> _ACTIVITY_
Using the data below, print exactly the line with "Zone de pêche", the line with "另外大神F2移动版也将会在6", and every line between them, but none of the pictures.

=== Section Start ===

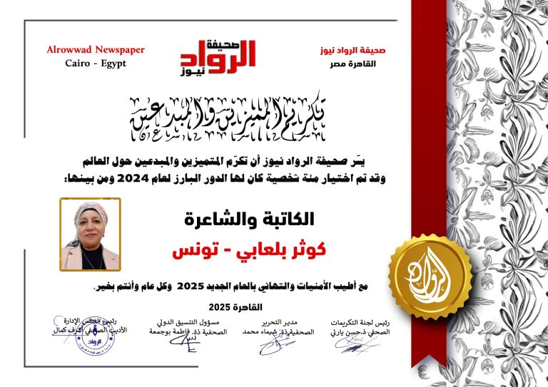 الرّواد نيوز تكرّم الكاتبالكاتبة  الشاعرة: كوثر بلعابي…تونس صحيفة الرواد نيوز – alrouwadnews موسم ثقافيّ جديد حافلٌ وثريّ قريباً، صحيفة الروّاد بحلّة جديدة، نسخة ورقيّة وموقع إلكتروني بمواصفات عالميّة، أنشطة مهرجانات وملتقيات ثقافيّة ومشاركات دوّلية عبر العالم بأسره. لأنّ الرّيادة شعار…
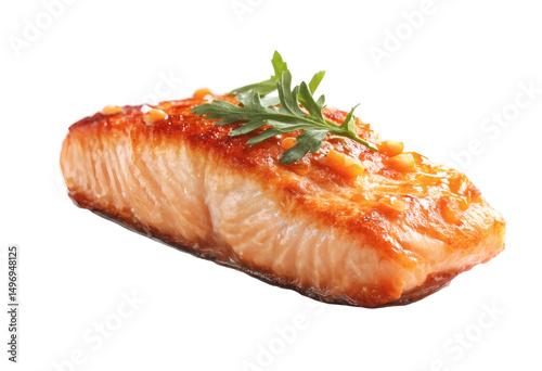 [Transparent Background PNG]Delicious Pan-Fried Salmon with Garnish
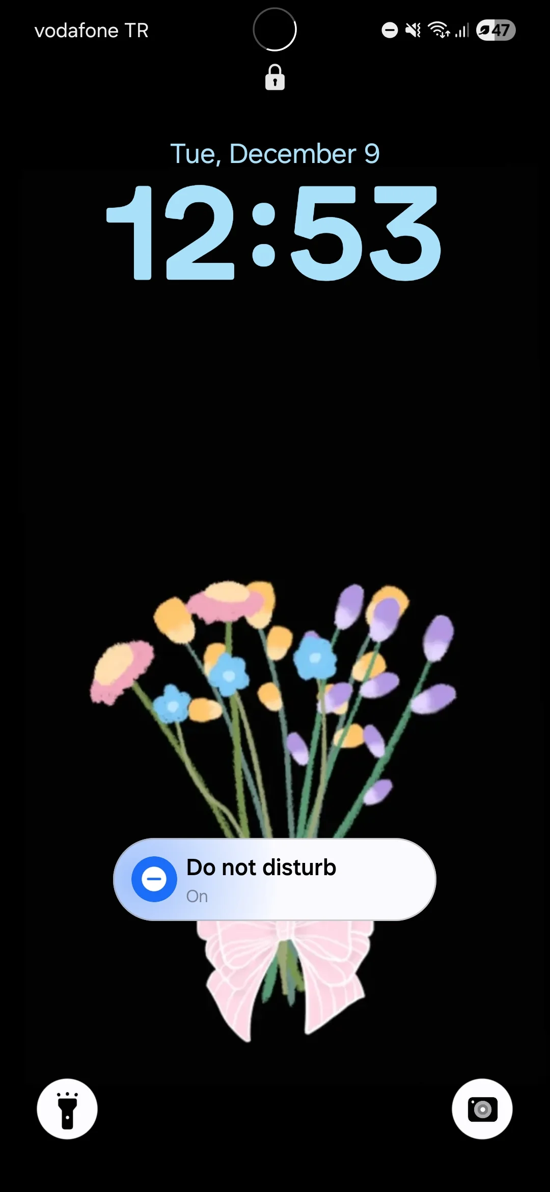 Karanlık aydınlık modu sebebiyle olabilir. Ayarlar-kilit ekranına git orayı kurcalarsan biraz kilit ekranı stili var onla da alakalı olabilir. O menüye kilit ekranındayken ekrana uzun süre basılı tutarak da ulaşabilirsin. Duvar kağıdının rengiyle de alakalı olabilir, Hani duvar kağıdı siyah ya belki telefon onu algılayıp, o butonlar gözüksün diye saydam yapmıştır.
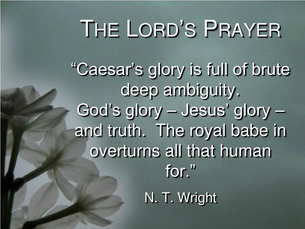 The Lord’s Prayer “Caesar’s glory is full of brute force and deep ambiguity. God’s glory – Jesus’ glory – is full of grace and truth. The royal babe in the cow-shed overturns all that human empire stands for.” N. T. Wright
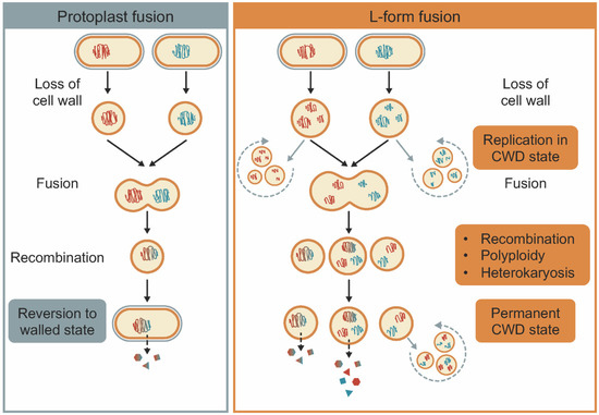 The general process of protoplast fusion compared with L-form fusion. Both methods share some steps like the loss of cell wall and cell–cell fusion but differ in other key steps. Fusion in L-forms can lead to multiple possibilities due to polyploidy in daughter cells, whereas reversion to a walled state is essential in protoplast fusion. Differences in chromosome size are for depiction purposes only and not to scale.
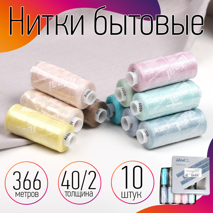 СохранитьНабор бытовых ниток IDEAL 40/2 366м 100% п/э, MIX PE, ассорти 2 уп.10шт интересное:
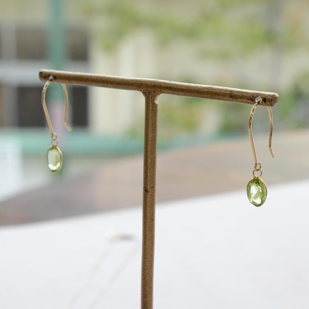 深みのあるグリーンが印象的な天然石ペリドットを、18金(K18)ゴールドの滑らかなラインにあしらったフックピアス。
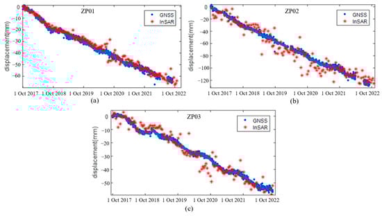 The comparisons between displacement time series and GNSS measurements of the Zhengjiaping landslide in the LOS direction for three stations: ZP01 (a), ZP02 (b) and ZP03 (c), respectively.
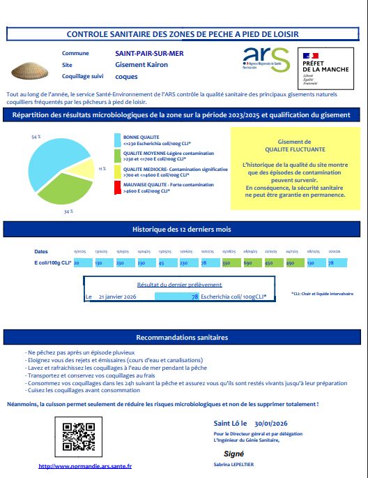 Zone de pêche à pied Etat des gisements naturels de coquillages Tout au long de l’année, le service Santé/Environnement de l’ARS contrôle la qualité sanitaire des principaux gisements naturels coquilliers.Suivis de la bactériologie, des métaux et de la radioactivité. Prélèvement du 21 janvier 2026 © aca Skip back to main navigation
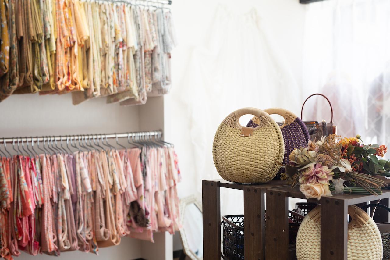 清新浴衣:浴衣、腰帶、和風小提袋、木屐、工作人員協助著裝、腰間飾品
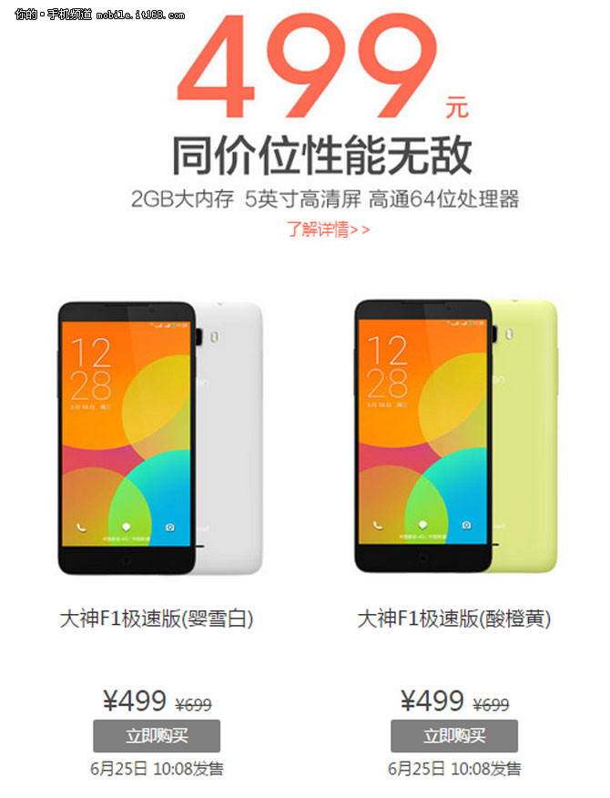 另外大神F2移动版也将会在6月25日同步开抢,大神F2移动版爱用8核CPU,拥有5.5英寸720P屏幕,拥有2GB+16GB的内存组合,售价仅为699元。
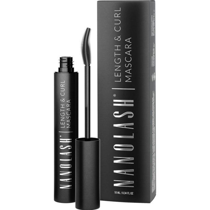 Length & Curl mascara står bra emot fukt och olika väderförhållanden, så att din sminkning ser fin ut i flera timmar. Den varken smular eller flagar på huden under ögonen. Mascaran har en ergonomisk borste med en unik form som underlättar att separera fransarna med precision och nå även de kortaste fransarna, medan den djupsvarta färgen täcker varje frans. Nanolash mascara innehåller närande ingredienser som hjälper till att hålla ögonfransar återfuktade.
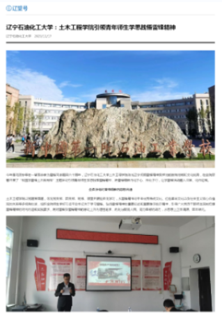 编者按:近日,辽宁日报·辽望号、中国大学生网对我校土木工程学院引领青年师生学思践悟雷锋精神进行了宣传报道。现将相关报道转载如下:
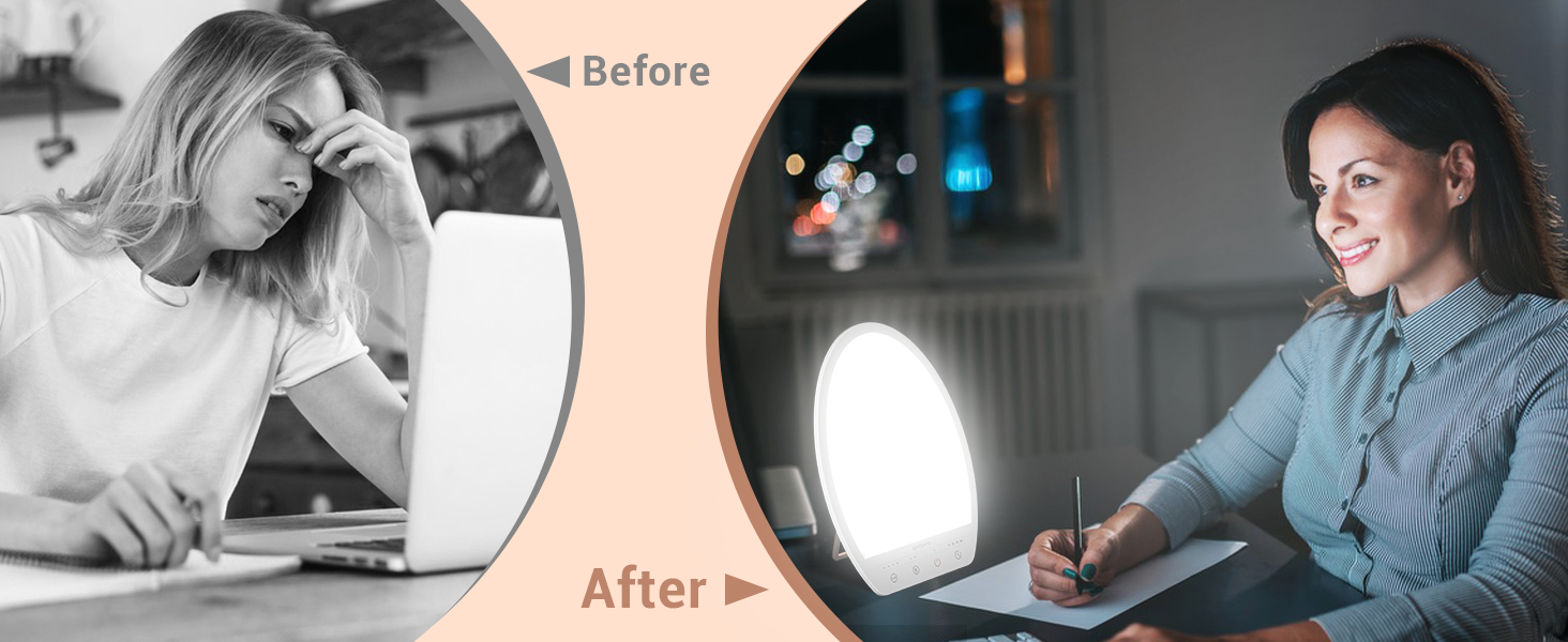 [16,000 Lux Light Theapy Lamp] إن إيقاظ جسمك من الطقس القاتم يبدأ باستخدام مصباح الشمس Comfytemp! يوفر مصباح الشمس ما يصل إلى 16,000 لوكس (عند 6 بوصات)، ضوء كامل الطيف للعلاج بالضوء الطبيعي الخالي من الوهج والوميض. يحتوي مصباح الضوء الخاص بنا على وظيفة ذاكرة، نوصي بتجنب النظر مباشرة إلى الضوء قبل التشغيل إذا كنت تستخدم 16000lux قبل إيقاف التشغيل.
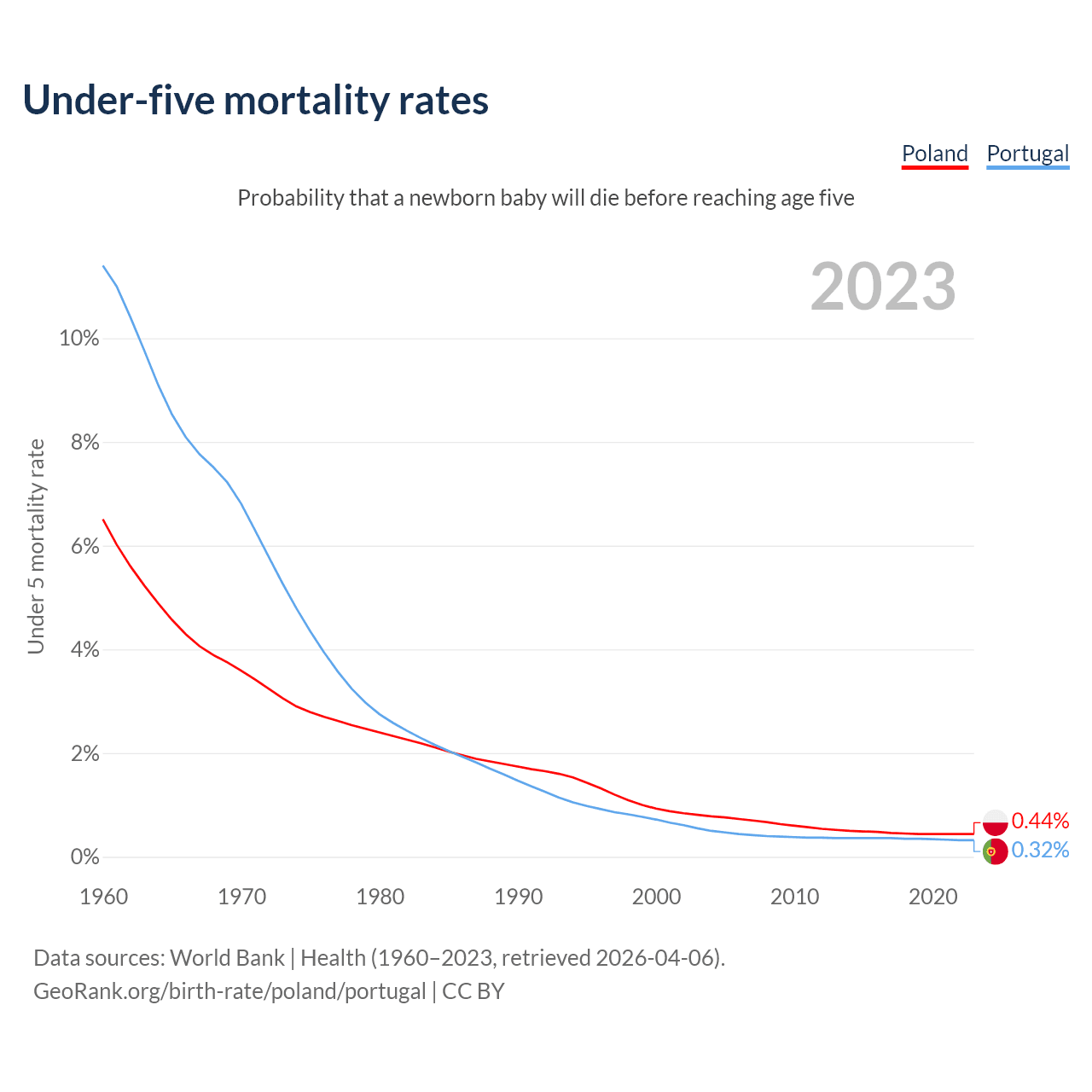 The chance that a newborn baby will die before reaching age five is 0.44% in Poland and 0.32% in Portugal. Above is a chart with historical data on under-five mortality rates.
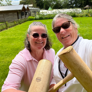 When we were roaming the gardens, we found a man sitting with Croquet equipment. We were intrigued enough to ask him what was up and he invited us to play. The grass definitely needed mowing, but that didn’t stop Martha from thumping me. You can see the blue ball is way beyond where it is supposed to be, lol.
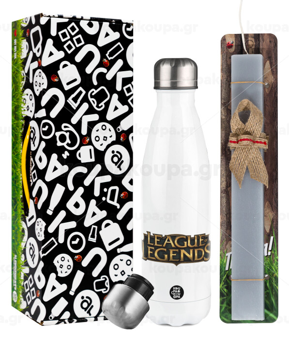 League of Legends LoL, Πασχαλινή Λαμπάδα με μεταλλικό παγούρι θερμός λευκός (500ml) & λαμπάδα αρωματική πλακέ (30cm) (ΓΚΡΙ)
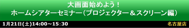 アバック名古屋店は、初めてプロジェクターやスクリーンの導入を検討しているユーザーに向けたホームシアターセミナーを、1月21日(土)に開催する。セミナーは定員10名の予約制となっている。
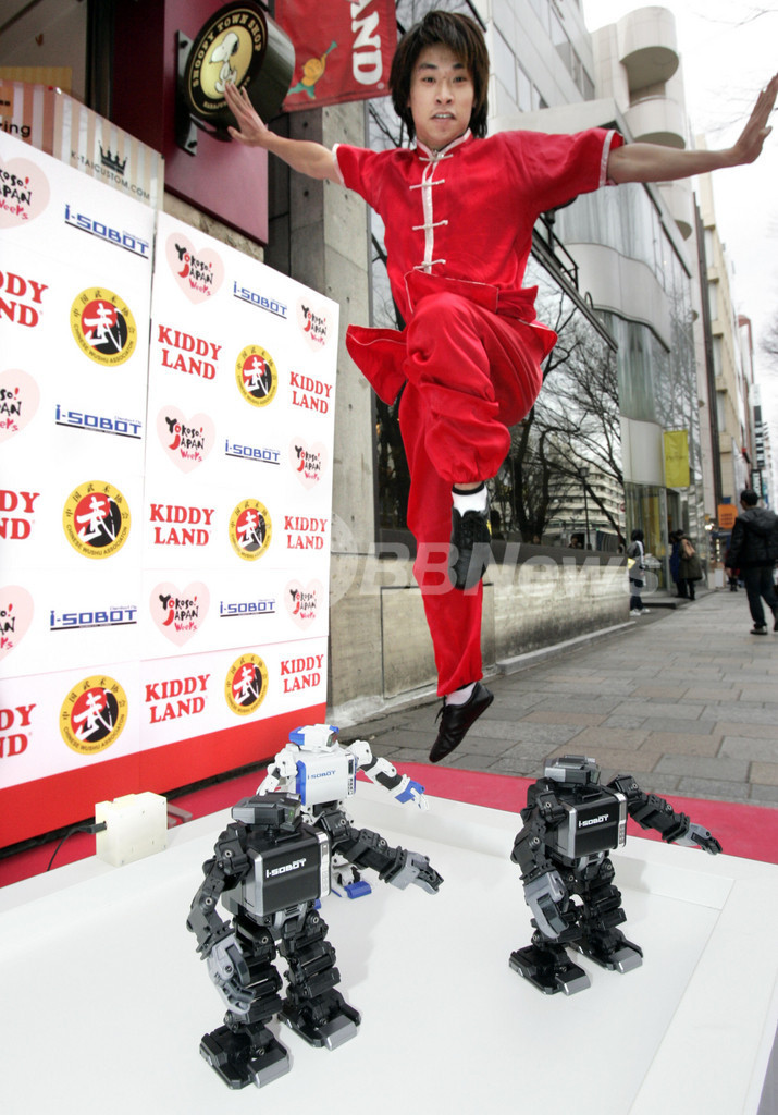 ニュース ライフ 世界最小ロボットと中国武術チャンピオン、華麗な舞を競演 2009年1月25日 9:31 発信地:東京 [ アジア・オセアニア 東京 ] このニュースをシェア ‹ › ❮ 5/5 ❯ 都内のキデイランド(Kiddyland)原宿店で、中国武術の舞を競演する呉澤人(Michael Wu)さんとタカラトミー(Tomy)製の世界最小人間型ロボットi-Sobot(2009年1月24日撮影)。(c)AFP/Yoshikazu TSUNO 画像作成中 ! 【1月25日 AFP】タカラトミー(Tomy)が開発した世界最小人間型ロボットi-Sobotと中国武術のチャンピオン呉澤人(Michael Wu)さんが24日、都内のキデイランド(Kiddyland)原宿店で、中国武術の舞を競演、観客を楽しませた。外国人を対象としたイベント「ビジット・ジャパン・キャンペーン」の一環。(c)AFP ライフ 一覧へ> メディア・報道関係・法人の方向け 写真・動画 購入のお問合せ>

=== Section End ===

> _SOLUTION TO THE EXERCISE_
 Zone de pêche à pied Etat des gisements naturels de coquillages Tout au long de l’année, le service Santé/Environnement de l’ARS contrôle la qualité sanitaire des principaux gisements naturels coquilliers.Suivis de la bactériologie, des métaux et de la radioactivité. Prélèvement du 21 janvier 2026 © aca Skip back to main navigation
 清新浴衣:浴衣、腰帶、和風小提袋、木屐、工作人員協助著裝、腰間飾品
 另外大神F2移动版也将会在6月25日同步开抢,大神F2移动版爱用8核CPU,拥有5.5英寸720P屏幕,拥有2GB+16GB的内存组合,售价仅为699元。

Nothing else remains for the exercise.